Enlighten, empower, protect. Now go make it happen.

Mentioned in this episode:

The Awakened Homeowner Book

The Awakened Homeowner Book

Transcript

Okay, so the last episode we spent the whole time on your contractor's insurance, the liability and the workers' comp that protects you from their accidents. And if that's the only one you caught, you might be walking around now thinking, great, I checked the contractor, I'm covered. So I have to stop you right there. Because that was only half the picture. Honestly, maybe less than half.

Last time was about making sure they're covered. Today is about the coverage that protects you and the home itself while it's torn open and more exposed than it will ever be. So here's what catches people flat-footed. You, the homeowner, have insurance responsibilities of your own during construction projects.

Not as some nice to have you can skip. A lot of standard construction contracts actually require you to carry insurance. It's written right into the agreement you sign. So this isn't optional, and it's not your contractor's job to handle for you. It's yours. And now for the part that really lands, that homeowner's policy you already have, the one you've been faithfully paying every month for years.

When you start a major renovation, it may quietly stop protecting you at the exact moment you need it most. Not because anyone canceled it, because of the language that was sitting in there the whole time waiting for a renovation to trigger it. So I want to be fair here, the same way I was last time, your insurance company isn't the villain in this story. These policies are written to cover a home you live in and a life you live in it, not a construction site.

The gap isn't a scam, it's a mismatch. But a mismatch that you don't see coming can cost you just as much as a scam. So we're going to drag it out into the light here and get into it. I'll be straight with you about why this matters as much as it does.
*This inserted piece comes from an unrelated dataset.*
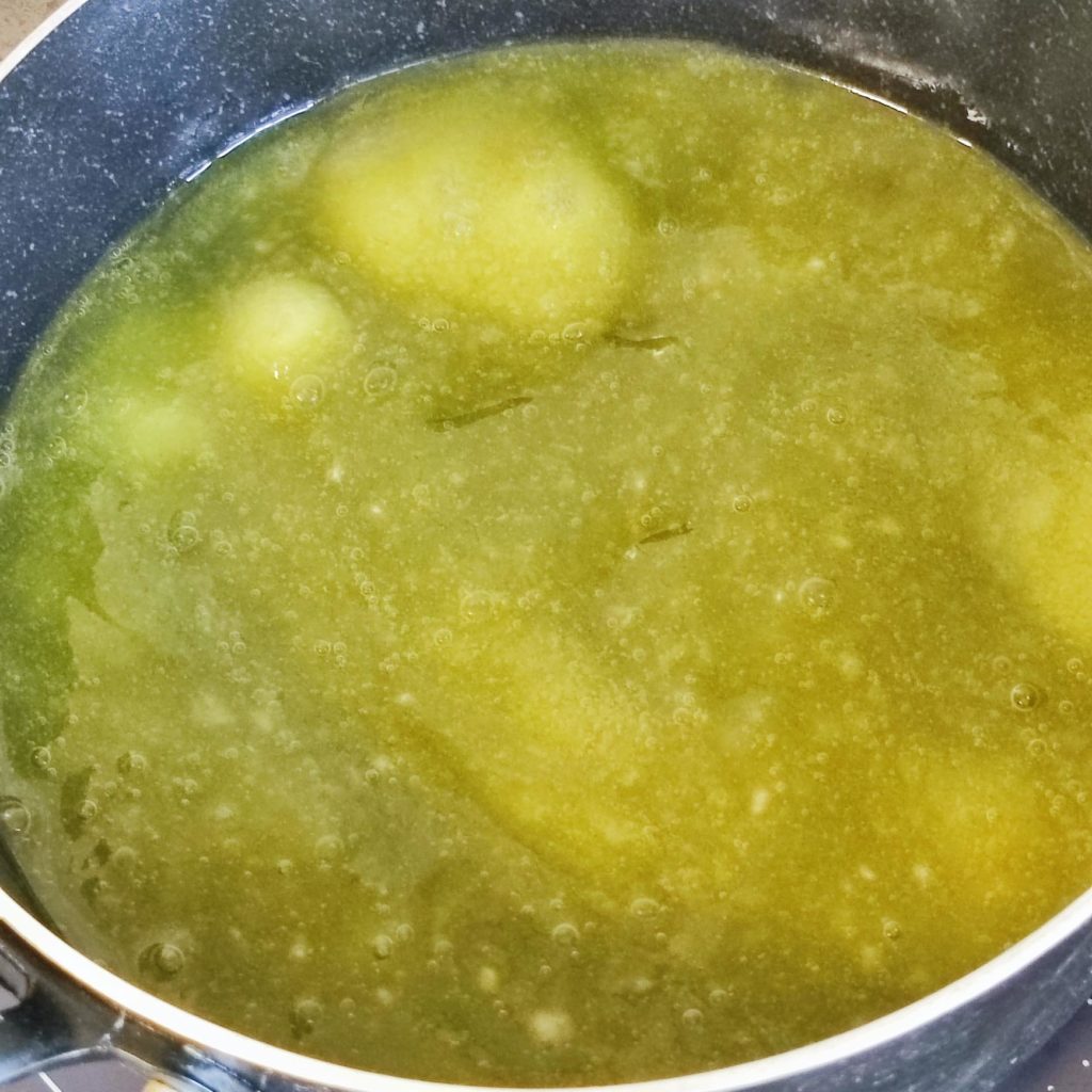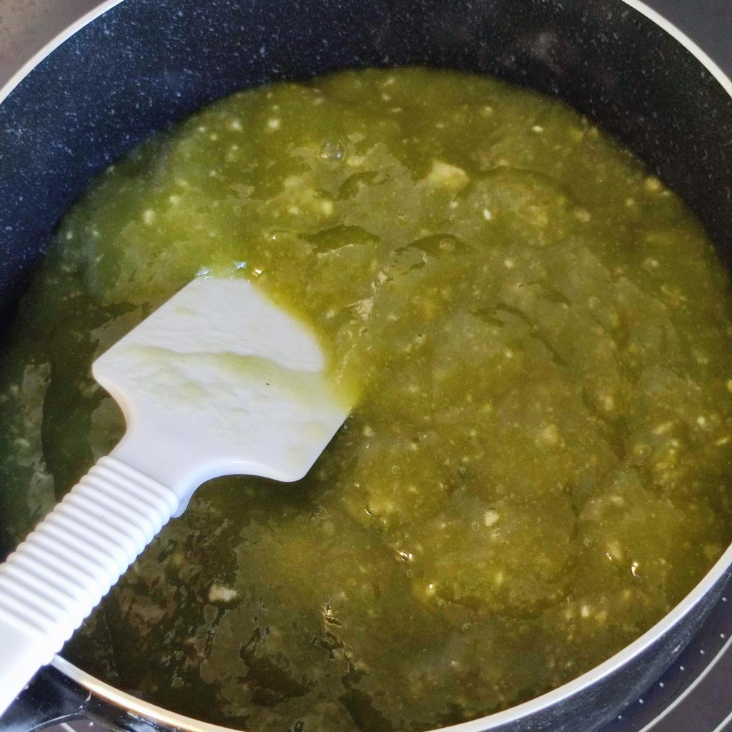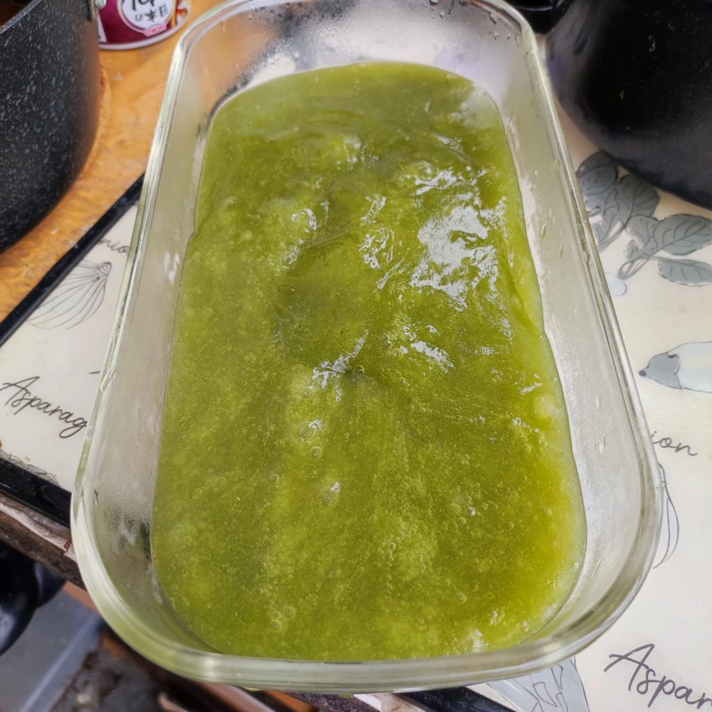 サイリウム (オオバコ)を利用してつくったわらび餅です 四葉パウダーを加えて鮮やかなグリーン色にしました 今回はダマが残らないようにハンドミキサーを利用しました

A renovation is often the single biggest check you'll write outside of buying the house itself.

You're pouring your savings into a home that for a few months is sitting half finished and wide open, no locked doors, no finished walls, materials stacked where anyone can see them. That's the most exposed your largest asset will ever be. And it's exactly the window where people assume their coverage is humming along just fine, when in reality it may have quietly stepped aside.

The whole job today is making sure that during that exposed stretch of your project, there's a real policy standing behind your home and behind you. So here's a promise for the next half hour.
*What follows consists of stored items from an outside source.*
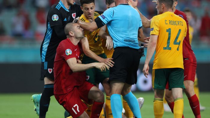 أشعل ذلك غضب جماهير أصحاب الارض ما أدى إلى نزول البعض منهم الى أرض الملعب لمهاجمة باييت، ما دفع الحكم الى توقيف اللقاء وإرسال اللاعبين الى غرف تبديل الملابس.سقط باييت أرضًا بعد أن أصابته إحدى الزجاجات قبل أن ينهض ويرميها نحو المدرجات.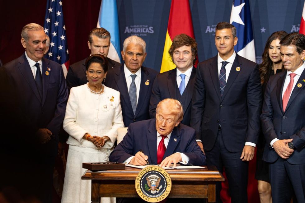 Los mandatarios que participan de la cumbre “Escudo de las Américas” son: Javier Milei (Argentina), José Antonio Kast (Chile), Rodrigo Chaves (Costa Rica), Luis Abinader (República Dominicana), Daniel Noboa (Ecuador), Nayib Bukele (El Salvador), Nasry Asfura (Honduras), José Raúl Mulino (Panamá), Santiago Peña (Paraguay) y Kamla Persad-Bissessar (Trinidad y Tobago), de acuerdo con información de la Casa Blanca.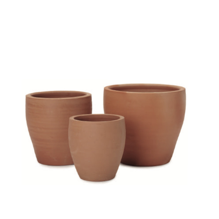 約900°Cという比較的低温で焼かれたやさしいフォルムの素焼きは通気・水はけがよく、ガーデンの花々をやさしく育んでくれます。
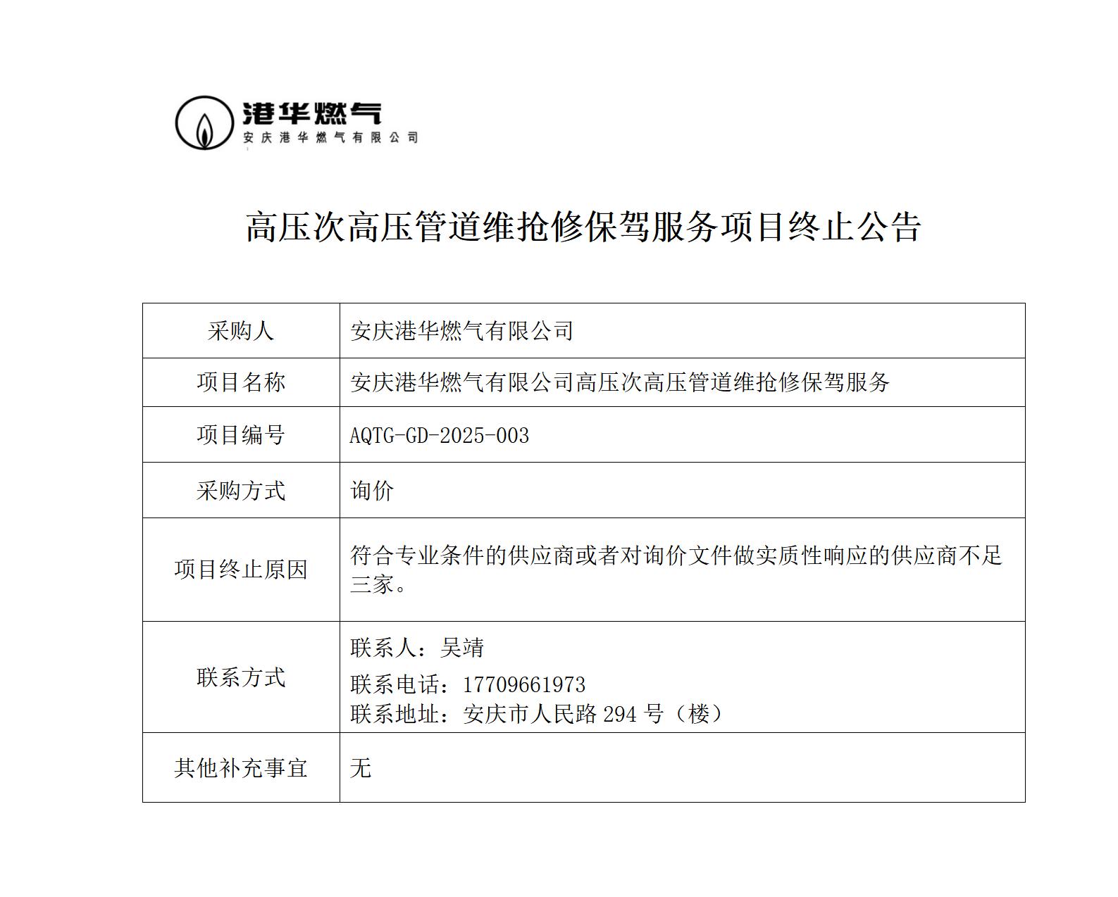 高壓次高壓管道維搶修保駕服務(wù)項目終止公告

First, exactly where your existing homeowners policy can fall short during a renovation and the specific clauses to know. And then second, the policy that's actually built for homes under construction and when you need it. And third, the liability that quietly becomes yours the second you bring your own person onto the job. And fourth, the simple set of moves that closes all of it, most of which start with one phone call.

Let's dig in.

Okay, so let's start with the policy that you already own, because the trap is hiding inside the thing you assume is protecting you. A standard homeowner's policy is built around a simple idea. It covers your home and your belongings against sudden accidental events while you live there. Fire, a burst pipe, a tree through the roof, theft. That's its world. And for ordinary life, it does that job well.

The problem is that a major renovation pulls your home out of that ordinary world. And the policy wasn't written for where you've taken it. Let me walk you through the specific places it can fall short, because each one has bitten a real homeowner. First, the work itself usually isn't covered.

If your contractor does sloppy work or a remodel goes wrong because somebody made a mistake, your homeowner's policy is not going to pay to fix it. That's not what it's for. It covers sudden accidents, not the quality of the job you chose to have done. So the renovation work lives outside your policy from the start. That trips people up. So let me draw the line clearly here. If lightning hits your house and starts a fire, that's a sudden accidental event. That's your homeowner's policy's whole reason for existing. But if your contractor installs a shower wrong and it leaks behind the tile for two months and rots the framing, that's not a sudden accident. That's a workmanship problem, right? And your homeowner's policy will look at it and say, not my job.

The recourse there runs back to the contractor and the contract that you sign, which is exactly why we spent whole episodes getting the contract right. The insurance you carry and the contract you sign protect you from different things, and you need both pulling their weight. Second, and this is the one that surprises almost everybody, there can be a vacancy problem.

A lot of policies have language that reduces or even suspends your coverage if the home sits empty for a stretch of time. And what do people do during a big renovation? They move out. They go stay with family or rent an apartment while the kitchen and bathrooms are all torn apart. They think they're being smart. And in the eyes of that clause, the house is now vacant, which can quietly switch off coverage right when the home is sitting wide open with no one watching it.

So let me make that one concrete because it sounds abstract until it isn't. Picture a couple doing a full kitchen and bathroom remodel. Sensible people. They decide living in a construction zone with two kids is miserable. So they rent a place for three months while the work happens. Totally reasonable call. What they don't know is that their policy starts pulling back coverage once the home is unoccupied past about a month. Now it's week six. A pipe that got bumped during demolition lets go overnight. And water runs through the house for hours before anyone notices because nobody's living there to notice. They file the claim, expecting the policy they've paid into for a decade to handle it. And the insurer points at the vacancy language.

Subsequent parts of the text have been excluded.